Partitioning by database secondary indexes

  • Def: A secondary index usually doesn't identify a record uniquely but rather is a way of searching for occurrences of a particular value: find all actions by user 123, find all articles containing the word hogwash.

Partitioning secondary indexes by document

  • Def: Each partition maintains its own secondary indexes, covering only the documents in that partition. (Local index)

    • Whenever you write to the database - to add, remove, or update a document - you only need to deal with the partition contains the document ID that you are writing.

    • Reading from a document partitioned index requires span across several different partitions. This approach to querying a partitioned database is known as scatter/gather, which can make read queries quite expensive.

Partitioning secondary indexes by term

  • Def: A global index which covers data in all partitions.

    • Reads are more efficient. Rather than doing scatter/gather over all partitions, a client only needs to make a request to the partition containing the term that it wants.

    • Writes are slower and more complicated because a write to a single document may now affect multiple partitions of the index. Furthermore, in the ideal world, the index would always be up to date, and every document written to the database would immediately be reflected in the index.
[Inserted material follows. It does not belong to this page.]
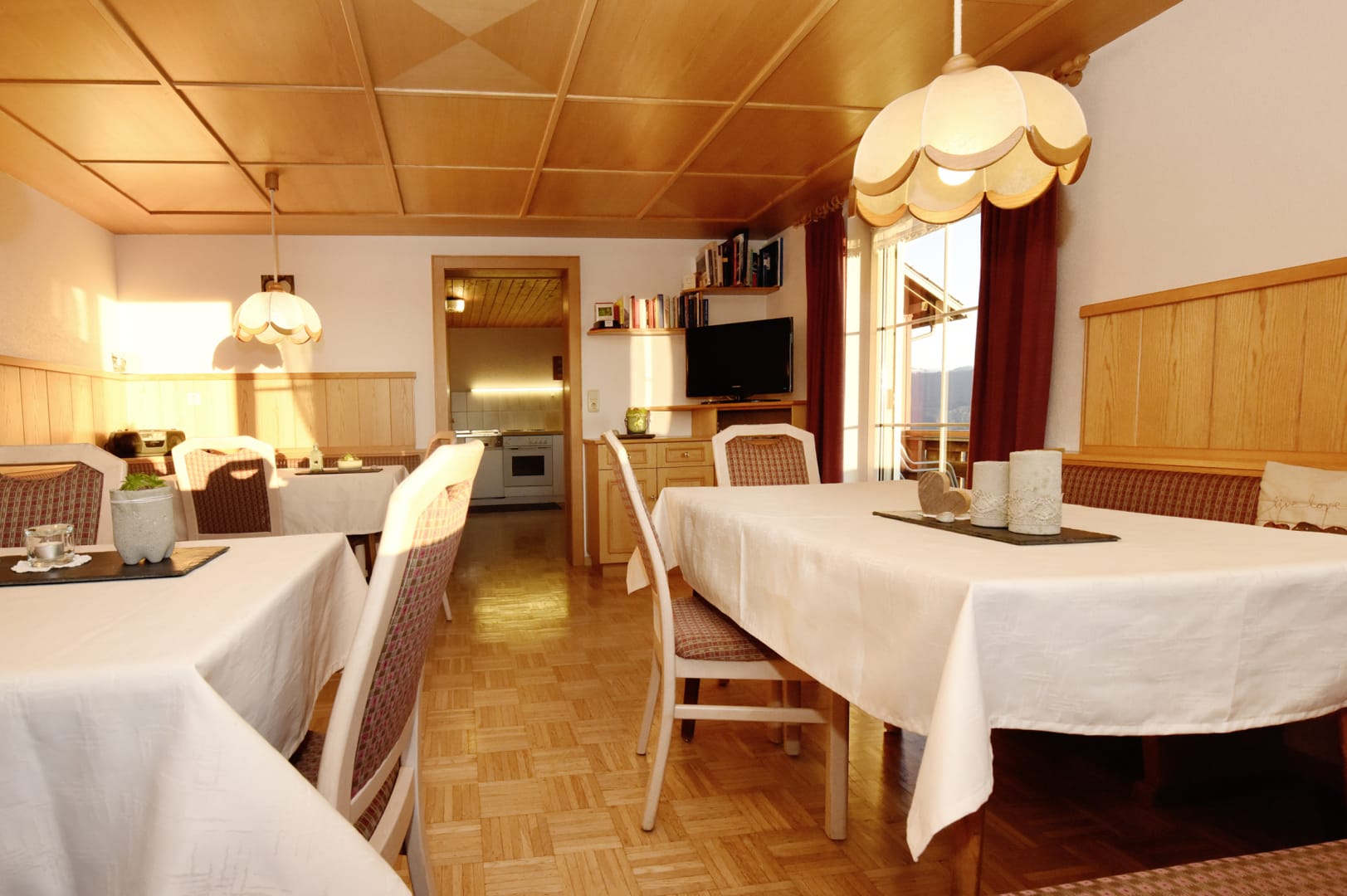 Aufenthalts- Frühstücksraum mit Balkon auf der Süd- und Westseite, Gästeküche

However, in a term-partitioned index, that would require a distributed transaction across all partitions affected by a write.

Rebalancing strategies

Fixed number of partitions

  • Def: Create many more partitions than there are nodes and assign several partitions to each node. When a node is added to the cluster, the new node can steal a few partitions from every existing node until partitions are fairly distributed once again.

  • Pros/Cons: This approach is widely used in Riak, ElasticSearch, Couchbase and Voldemort. Choosing the right number of partitions is difficult if the total size of the dataset is highly variable. Since each partition contains a fixed fraction of the total data, the size of each partition grows proportionally to the total amount of the data in the cluster.

    • If partitions are very large, rebalancing and recovery from node failures become expensive.

    • If partitions are too small, they incur too much overhead.

Dynamic partitioning

  • Def: When a partition grows to exceed a configured size, it is split into two partitions so that approximately half of the data ends up on each side of the split. Conversely, if lots of data is deleted and a partition shrinks below some threshold, it could merge with an adjacent partition.

  • Tradeoffs

    • Pros: The number of partitions adapts to the total data volume.

    • Cons: There is usually no priori info about where to draw the partition boundaries. All writes have to be processed by a single node while the other sit idle.

Partitioning proportionally to nodes

  • Def: Make the number of partitions proportional to the number of nodes - to have a fixed number of partitions per node. The size of each partition grows proportionally to the dataset size while the number of nodes remained unchanged. When you increase the number of nodes, the partitions become small again.

  • Used by Cassandra and Ketama

Request routing

Common approaches

  1. Allow clients to contact any node

  2. Send all requests from client to a routing tier first

  3. Require that clients be aware of the partitioning and the assignmnet of partitions to nodes.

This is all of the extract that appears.